La foule gronda de colère. Mais deux soldats levèrent leurs lances : deux hommes tombèrent, transpercés...
Irrésistiblement, avec une effrayante brutalité, les autres entraînaient déjà Catherine et Arnaud vers le bûcher... Les yeux de la jeune femme étaient agrandis d'horreur devant cette mort affreuse qui les attendait. Elle cria :
– Vous n'allez pas... Non... Pas ça !
– Je t'en supplie, sois courageuse, mon amour, supplia Arnaud. Ne leur donne pas la joie de t'entendre les supplier...
Déjà, on les hissait sur l'entassement de fagots. Catherine trébucha et tomba lourdement avec un gémissement. Alors, dans ses liens, Gauthier fit un effort terrible. Gonflant ses muscles et sa vaste poitrine, il fit éclater les cordes. Rugissant comme un lion furieux il tomba de tout son poids, de tous ses muscles sur les hommes d'armes, assommant celui-ci, faisant éclater les dents de celui-là, se forçant un chemin irrésistible vers les captifs. Il semblait possédé de quelque fureur sacrée. Ses yeux lançaient des éclairs, sa bouche se tordait convulsivement et écumait. Sa force décuplée par la colère, irrésistible, abattait les ennemis autour de lui comme la faux dans un champ de blé. Les paysans, saisis d'une admiration superstitieuse, regardaient, bouche bée...
Le géant atteignait le bûcher quand une flèche le frappa à l'épaule. Il s'abattit sur les fagots avec un grognement qui trouva son écho dans le cri désespéré de Catherine, puis dans le hurlement féroce de Valette.
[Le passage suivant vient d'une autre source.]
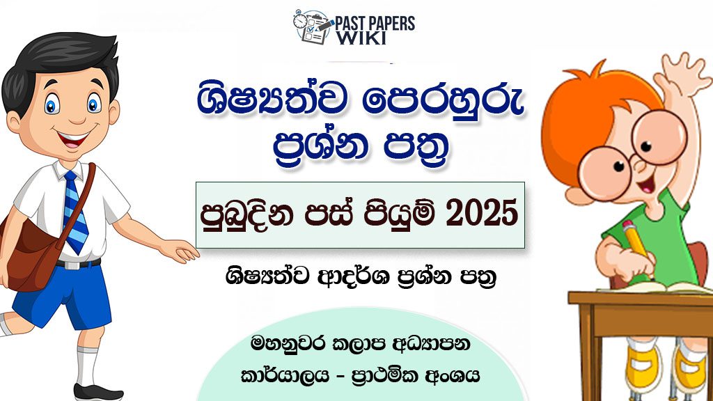 A collection of “Pubudina Pas Piyum” model papers are available on the Past Papers Wiki website to support students preparing for the Grade 5 Scholarship Examination. We extend our appreciation to the original creators and organizations for making these educational resources publicly accessible.If you have a problem with this post or PDF file, comment below or contact us on Facebook & Email (info[at]pastpapers. wiki). Share this resource with your friends! Now you can join the Past Papers Wiki community forum to discuss Model papers, marking schemes, lesson notes/short notes, and other educational matters.

– Attachez-le avec les autres ! Et que ça flambe !
Catherine ferma les yeux. Contre le bois rugueux
du poteau, la main d'Arnaud, enchaîné près d'elle, cherchait la sienne, la trouvait et l'enfermait.
– C'est la fin, murmura-t-elle d'une voix qui s'étranglait... Nous allons mourir. Mon pauvre petit !... Mon pauvre petit Michel !
Ses yeux brouillés de larmes voyaient, comme dans un cauchemar, la forme grimaçante d'un soldat qui, un peu plus loin, allumait une torche... Mais, malgré la mort si proche, tout cela continuait à lui paraître absurde, comme frappé d'irréalité. Cette chose stupide ne pouvait pas être vraie. Un miracle allait arriver...
Et le miracle arriva. Un son de trompe retentit, profond, impérieux, et, soudain, la route qui montait de la vallée se couvrit de chevaux, de bannières et d'armures. Une troupe nombreuse, solidement armée mais somptueuse, venait d'apparaître.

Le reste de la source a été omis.